The Danish government’s plan to extend maturities on one-year mortgage bonds if refinancing auctions fail will prevent a potential scenario resembling a run on banks, central bank Governor Lars Rohde said.
The proposal presents “a credible resolution model,” the governor said in the central bank’s biannual financial stability report published today in Copenhagen.
The government last month presented its latest draft proposal that will extend maturities on one-year bonds by 12 months at a time if refinancing auctions fail or if rates rise more than 5 percentage points between auctions. The government plans to extend the feature to other short-term covered bonds to protect an economy that’s dwarfed by the nation’s $530 billion mortgage market.

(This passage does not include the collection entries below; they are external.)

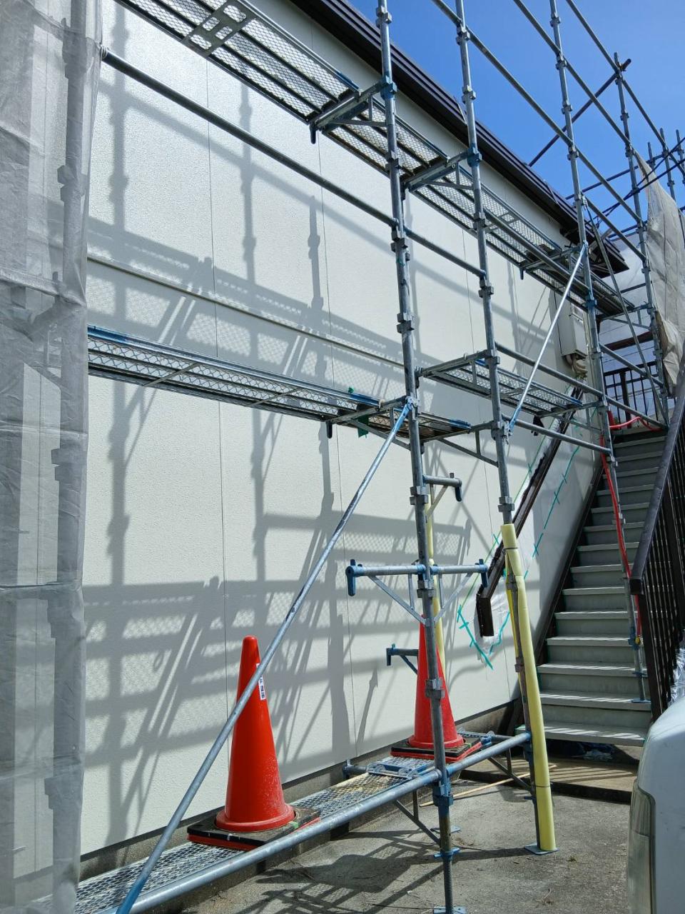 外壁塗装、軒天、雨どい、軒先、玄関扉、階段など施工させていただきました。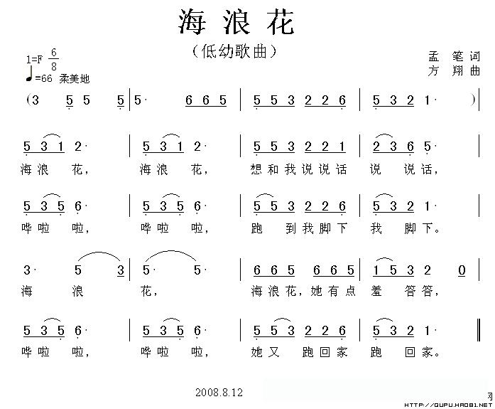 海浪花(孟笔词 方翔曲)的简谱歌词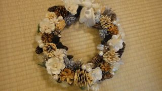 《へび》がクリスマスリースを作りに行ってきました。3時間半もかかりましたが、満足な出来上がりです。玄関に飾る予定です。

“The immense popularity of mortgage-credit loans that have not been pre-financed has led to a potential refinancing risk for the mortgage banks,” Rohde said. “Mortgage banks have a continuous need for refinancing in the market, and they might experience a situation resembling a ’run’ on a bank. It’s very unlikely that this will happen, but the consequences could be enormous.”
The central bank also said the country’s banks are generally resilient to “severe macroeconomic shocks” after they have built their capital levels since 2008.
“It’s important that the banks maintain sound excess capital adequacy,” the central bank said.
The central bank’s stress test showed that the country’s biggest banks, which include Danske Bank A/S, Jyske Bank A/S, Sydbank A/S and Nordea Bank AB’s Danish unit, comply with capital requirements for systemically important financial institutions in all scenarios and that their Common Equity Tier 1 capital remains above 8 percent.
In a separate report, the central bank raised its gross domestic product forecast for this year to 0.4 percent growth compared with 0.3 percent in a Sept. 18 forecast. The bank lowered its 2014 GDP growth forecast to 1.5 percent from 1.6 percent and reduced its 2015 estimate to 1.6 percent from 1.7 percent.
The deficit will be 0.4 percent of GDP this year, improving from a previous forecast of 1.5 percent, helped by higher-than-expected government revenue. The gap will be 1.6 percent next year, also a reduction from the central bank’s previous estimate of 2 percent, according to the report.
Danish house prices are rising and “should be monitored closely to ensure that the expected upswing is sustainable and that imbalances do not build up in the economy,” Rohde said.